We found that 50% of ovarian tumor cell lines express transmembrane Nectin-4. Analysis of the sera of patients with metastatic ovarian carcinoma revealed 1/25 positive serum for Nectin-4 vs 19/25 for CA125 (data not shown). We found 0/23 sera positive for Nectin-4 vs 18/23 for PSA in patients with prostate carcinoma (data not shown). Thus, serum Nectin-4 is not a valuable marker for ovarian and prostate carcinomas. Similar observations were reported for serum mammaglobin, where increased serum levels are mainly detected in metastatic breast carcinomas 38.

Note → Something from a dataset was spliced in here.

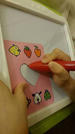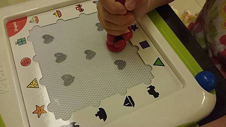 這套魔法畫家學習組,除了有一塊磁鐵塗鴉畫具,最特別的就是,還附了12張24種活動學習卡、12張144種形狀學習卡,以及一本20頁的塗鴉畫冊。先來看這塊磁鐵版,四角的形狀都是圓的,非常安全,再配上一支小狗造型的胖胖筆,不僅吸睛,握起來時也很好使力。如果把小狗比倒過來用,就變成愛心圖案的印章,又多了一種玩法。最重要的是,這塊板子很好「ㄌㄨ」,在去除磁鐵畫痕的時候,小朋友非常好施力,就能「ㄌㄨ」得乾乾淨淨。

Nectin-4 may be a new histological and serological marker in breast carcinoma, but its function is unclear. We previously identified Nectin-1 as the counter-receptor of Nectin-4 25. Nectin-1 activation leads to the activation of RAC and CDC42 which are involved in the formation of lamellipodia and filopodia respectively. Nectin-4 could promote migratory processes in breast cancer physiopathology.